19 июля 1914 года Германия объявила войну России. Этот день – по новому стилю 1 августа – стал первым днем Первой мировой войны.
День спустя Анна Ахматова писала:
Сроки страшные близятся. Скоро
Станет тесно от свежих могил.
Ждите глада, и труса, и мора,
И затменья небесных светил.
Страшное ахматовское пророчество сбылось.
Война, в которую в короткое время были втянуты великие и малые европейские державы, по мере развертывания грандиозных событий стала поистине Мировой. Боевые действия, помимо европейских фронтов, велись в Азии, Африке, мировом океане. Продолжавшаяся более четырех лет Первая мировая война привела к необратимым переменам. Исчез миропорядок, долгие десятилетия казавшийся устойчивым и разумным, рухнули великие империи, перекроены были европейские границы, произошли кардинальные сдвиги в социальных отношениях.
Мир XX века и в определенной мере сегодняшний мир – порождение Первой мировой войны, ее невиданного дотоле нечеловеческого напряжения, ее итогов. Итогов, которые казались немыслимыми большинству современников и участников событий первых военных месяцев.
Об этом есть смысл напомнить сейчас, в преддверии столетия начала Первой мировой. И, право, неразумно и грешно именовать ту войну «забытой».
Другое дело, что наша историческая память избирательна и несовершенна, а наши знания о событиях вековой давности полны пробелов. Восполнить эти пробелы и должен в какой-то мере дневник казачьего офицера, точно озаглавленный автором «Три месяца в бою».
Перед нами в высшей степени редкое – и уже одним этим ценное – непосредственное свидетельство очевидца – русского офицера, у которого хватало сил вести повседневные записи в боевой обстановке и который проявил недюжинную гражданскую смелость, опубликовав эти временами наивно-восторженные записи в тяжелый для России и русской армии 1915 год.
Достоинства дневника неоспоримы. Автор наблюдателен, искренен, он не только описывает увиденное и случившееся, но и склонен к размышлению над происходящим. Интересны зарисовки фронтового быта, рассказы о боевых стычках, попытки понять сильные и слабые стороны противника. Ценность дневниковых записей в их непосредственности, в свежести авторского восприятия. Автор хорошо владеет пером, но его дневник – не литература, не военная публицистика, которую он резко отвергает. Читая дневник, мы слышим живой голос человека, не обремененного ни знанием будущих событий, ни задачами военного репортера.

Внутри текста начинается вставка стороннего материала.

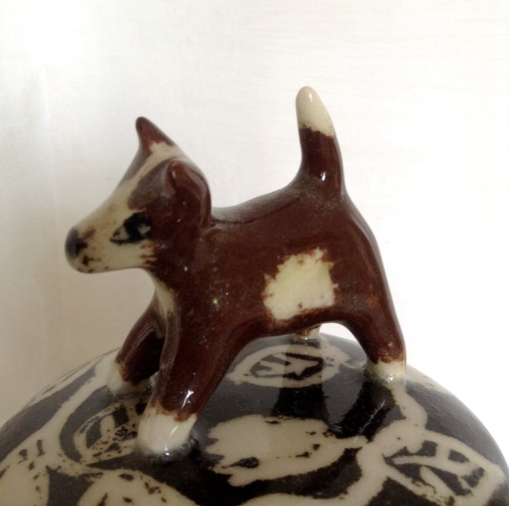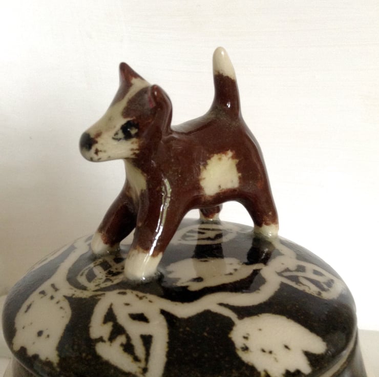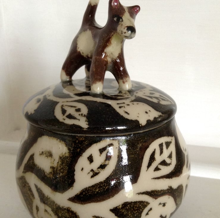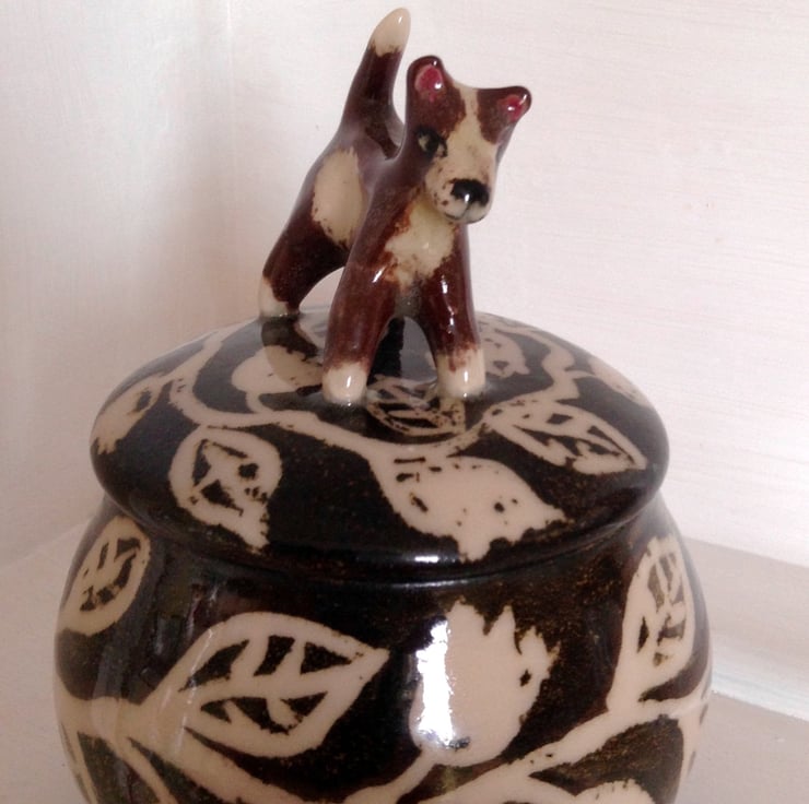 Charming stoneware storage jar in brown and cream with a little terrier dog on the lid. The jar is hand thrown and decorated with a simple chain of leaves and the little dog is lovingly hand sculpted. It measures 15 cms high x 10.5 cms wide.
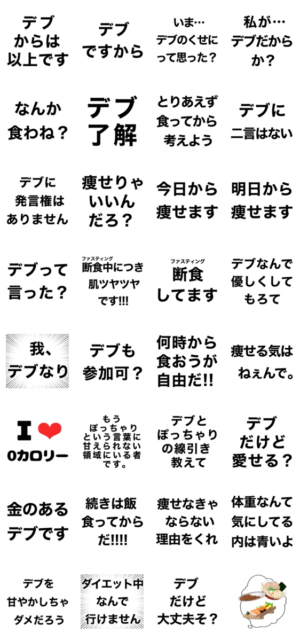 今日から痩せたいでぶ/痩せる気のないデブのためのスタンプ【ぽっちゃりも使える】Yoroniku より発売
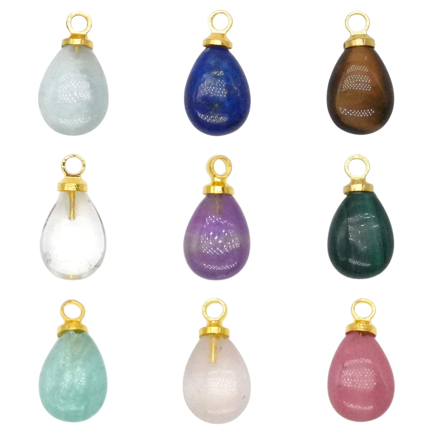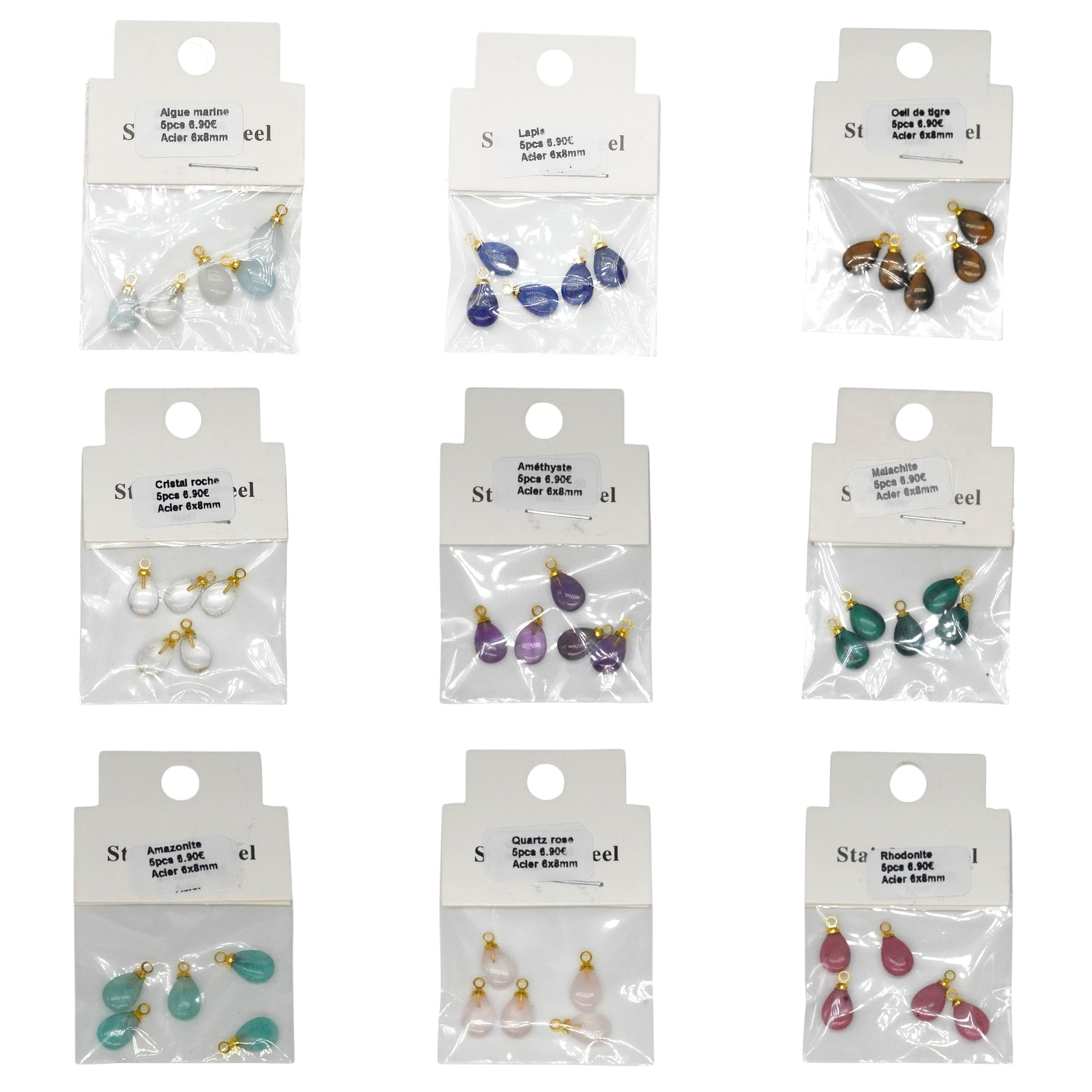 Lot de 5 Pendentif charm goutte en pierre naturelle & acier inoxydable
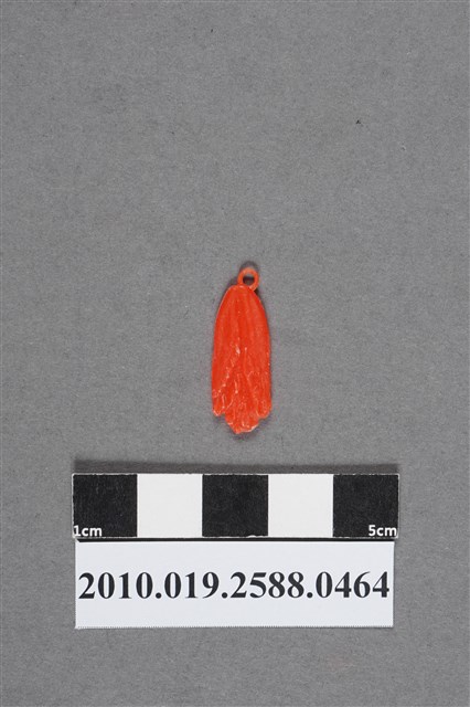 1.本物件為玉米造型尪仔仙,為紅色塑膠材質。外型為玉米,尾端做出玉米尖端數層外皮層層包覆的感覺。背面有數道痕跡,顯示為被外皮完整包覆的玉米。頂端有一圓環。物件正反兩面均有磨損痕跡。本系列尪仔仙多為相同塑膠模版,僅有顏色不同,或是同色同塑膠模版等形式。2.尪仔仙有小、中、大型之分,小型約長2公分,中型約長8-15公分左右,顏色以單色為主。長型則可長達30公分,以佛像、菩薩、神仙和唐三藏等造型為主,塗上金銀紅黃彩漆等亮色。1960、70年代的尪仔仙多以宗教、神話、布袋戲人物為造型。1980年代改以卡通、電玩、漫畫人物造型為主。常見玩法為兩人(或多人)各持一只尪仔仙,輪流用手指彈射,看誰的尪仔仙先疊在對方上面,便可贏得對方用來對戰的尪仔仙。
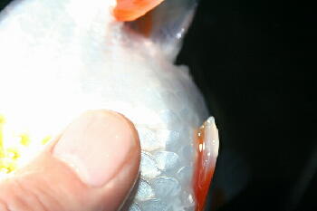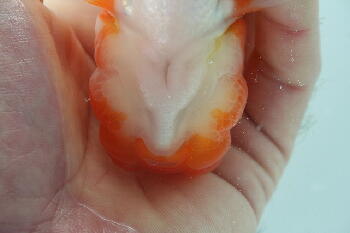 強く押すと身がでそ〜!たまに、堅いまま産卵するメスもいますね。 |
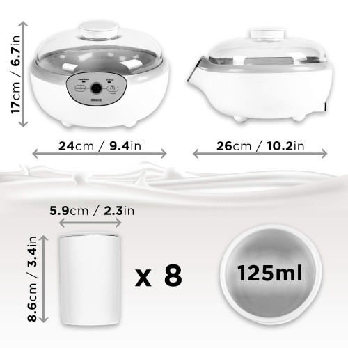 Duronic Yoghurt Makers YM2 Electric Yogurt Maker with Eight 125ml Ceramic Pots Digital Yogurt Making Machine for Homemade Natural Greek Yoghurt 20W Cheese Maker for Healthy Breakfast Protein Snack

Кто он, автор дневника Леонид Викторович Саянский? О себе он пишет неохотно, скупо. И все же. Он – молодой кадровый офицер, вероятно, из семьи потомственных военных – его отец и брат участвуют в боях. Женат и бездетен. Служит он, вероятно, в чине подъесаула (генерал называет его корнетом) в Забайкальском казачьем войске, что вовсе не означает его принадлежность к казачьему сословию. Служит при штабе, умеет водить автомобиль и мотоцикл, но выше всего ставит кавалерийскую атаку, мечтая о днях, когда казачьи лавы помчатся по Венгерской равнине. Он спортсмен и воспевает спорт. Военную службу осознает как призвание и долг. В начале августа он записал в дневнике: «Быть участником Мировой войны! Это счастье».
Фронтовые будни отрезвили молодого офицера. В дневнике появляются толстовские нотки осуждения страшной бойни, но завершают дневник гордые строки: «Три месяца, проведенные мною в борьбе, дают мне сознание, что и я принес свою посильную пользу вскормившей меня моей Стране». В победоносном для России исходе войны он, человек чести, не сомневается.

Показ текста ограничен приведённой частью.